Our development of three classification models stemming from generally similar training data, yielding three different performance outcomes, illustrates that modeling different phenotypic outcomes informed by in vivo data does not represent a one-size-fits-all approach, and emphasizes the necessity of validating ML performance against independent, real-world data. It should be noted that the models presented here are specific to data obtained in experimentally inoculated ferrets, and results cannot be directly extrapolated to phenotypic outcomes following IAV infection in a different laboratory model species (e.g., mice) or humans. That said, these models nonetheless provide a first step towards greater biological insight and understanding of contributing features to these outcomes that may be retained across scales, and offer immediate benefit towards refining existing ferret studies conducted for the purposes of IAV pandemic risk assessment. Collectively, this study supports that ML algorithms can extract meaningful information from previously conducted work in vivo and offers areas of future refinement to risk assessment studies employing in vivo-generated data, in line with other recent efforts in the field to incorporate novel analytical frameworks into risk assessment activities50. Furthermore, this work offers a framework to investigate additional experimental classification outcomes frequently captured in ferret studies (such as viral spread in respiratory tract tissues) and virological metadata (such as NA subtype and full protein sequences) not explicitly assessed here. Inclusion of metagenomic data from virus-infected animals51 represents an additional area for which use of ML algorithms have shown utility (when employing human specimens) in predicting clinical outcomes52 and could offer added benefit to existing laboratory workflows. As IAV continue to pose a persistent threat to public health, our work highlights that analysis approaches leveraging laboratory data generated for the purposes of risk assessment to improve pandemic risk assessment rubrics are needed and can provide meaningful benefit to the field.

Methods

Primary dataset

Male ferrets (Mustela putorius furo, Triple F Farms, Sayre, PA) were 5–12 months of age and serologically negative to circulating influenza A and B viruses prior to use. Animals were inoculated with 105 to 107 infectious units of IAV intranasally in a 1 ml volume (minimum n = 3 ferrets per virus), and housed inside a HEPA-filtered Duo-Flo BioClean mobile environmental enclosure (Lab Products) for the duration of each experiment. Daily temperature and weight measurements were collected from ferrets post-inoculation (p.i.) as previously described53; any animal that lost >25% preinoculation body weight or exhibited signs of neurological involvement was humanely euthanized. Nasal wash (NW) specimens were collected on alternate days p.i. from all ferrets starting day 1 p.i. (85% of all ferrets) or day 2 p.i. and immediately frozen at −80 °C until titration.
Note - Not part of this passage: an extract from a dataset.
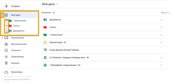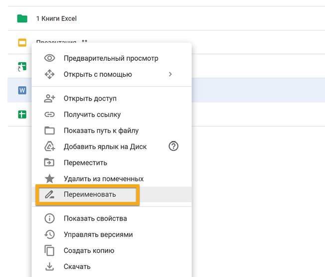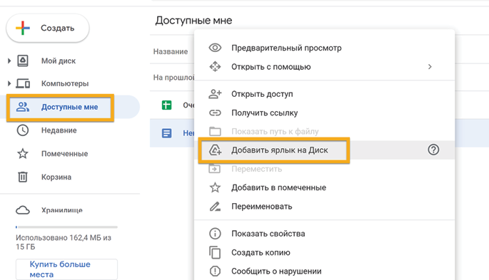 Если вы хотите видеть файл из раздела «Доступные мне» у себя на Диске, создайте ярлык — достаточно щелкнуть по документу правой кнопкой мыши и выбрать пункт в меню «Добавить ярлык на Диск» (Add shortcut to Drive):

Viral stock employed for animal inoculations were propagated, and specimen titrations were performed, in either 10–11 day old embryonated hen’s eggs to determine a 50% egg infectious dose (EID50) or MDCK cells to determine a plaque forming units titer (PFU) as specified in Supplemental Table 154. All viral titers are reported per milliliter and titration limits of detection were 101.5 EID50/ml or 10 PFU/ml. All animal work was approved by CDC’s Institutional Animal Care and Use Committee and conducted in an Association for Assessment and Accreditation of Laboratory Animal Care (AAALAC) International-accredited animal facility. Experiments were conducted at either BSL2 or BSL3 containment, including enhancements, as required by the U.S. Department of Agriculture and the Federal Select Agent Program55. We have complied with all relevant ethical regulations for animal use.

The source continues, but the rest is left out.